WHAT NEEDS TO BE DONE =>
Transcribe the data as written, minus images.

COLLECTED DATA =>
● ● ● ● ●

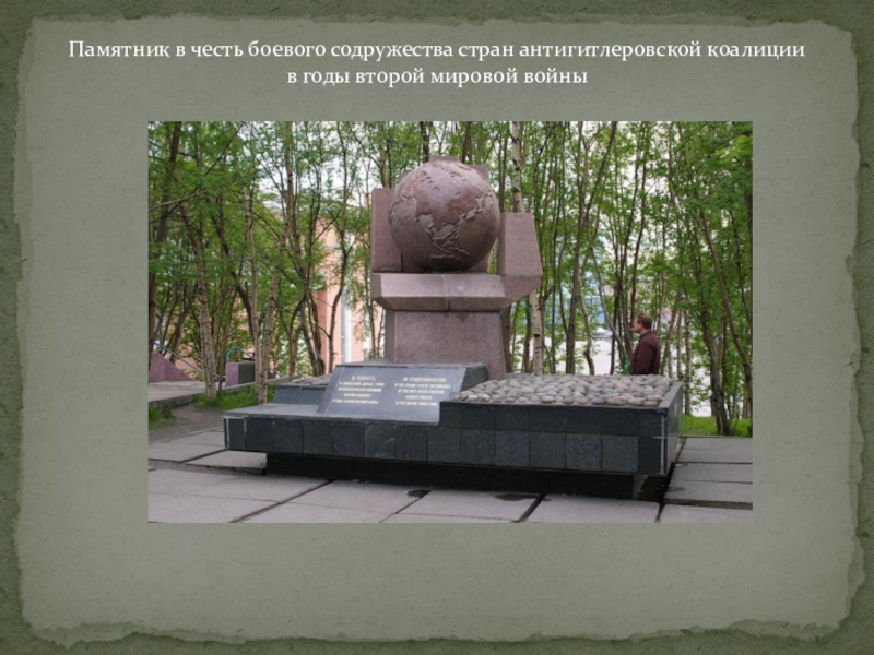Слайд 8Памятник в честь боевого содружества стран антигитлеровской коалиции
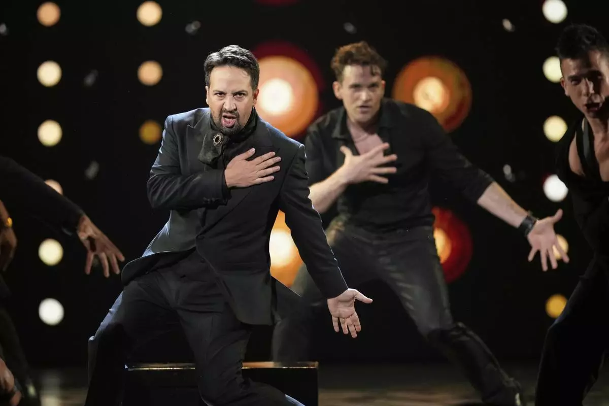 Lin-Manuel Miranda performs a medley from "Hamilton" during the 78th Tony Awards on Sunday, June 8, 2025, at Radio City Music Hall in New York. (Photo by Charles Sykes/Invision/AP)
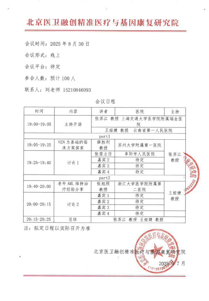 邀请函–AML个体化治疗前沿进展与特色方案云端研讨会
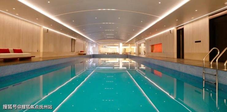 透过健身房,落地大玻璃还对着外面的四季恒温游泳池,让你享受一年四季优质的游泳体验,泳池区还添加了壁炉设计,火光与池水光影交织。

● ● ● ● ●

COMPLETED TASK =>
Слайд 8Памятник в честь боевого содружества стран антигитлеровской коалиции
 Lin-Manuel Miranda performs a medley from "Hamilton" during the 78th Tony Awards on Sunday, June 8, 2025, at Radio City Music Hall in New York. (Photo by Charles Sykes/Invision/AP)
 邀请函–AML个体化治疗前沿进展与特色方案云端研讨会
 透过健身房,落地大玻璃还对着外面的四季恒温游泳池,让你享受一年四季优质的游泳体验,泳池区还添加了壁炉设计,火光与池水光影交织。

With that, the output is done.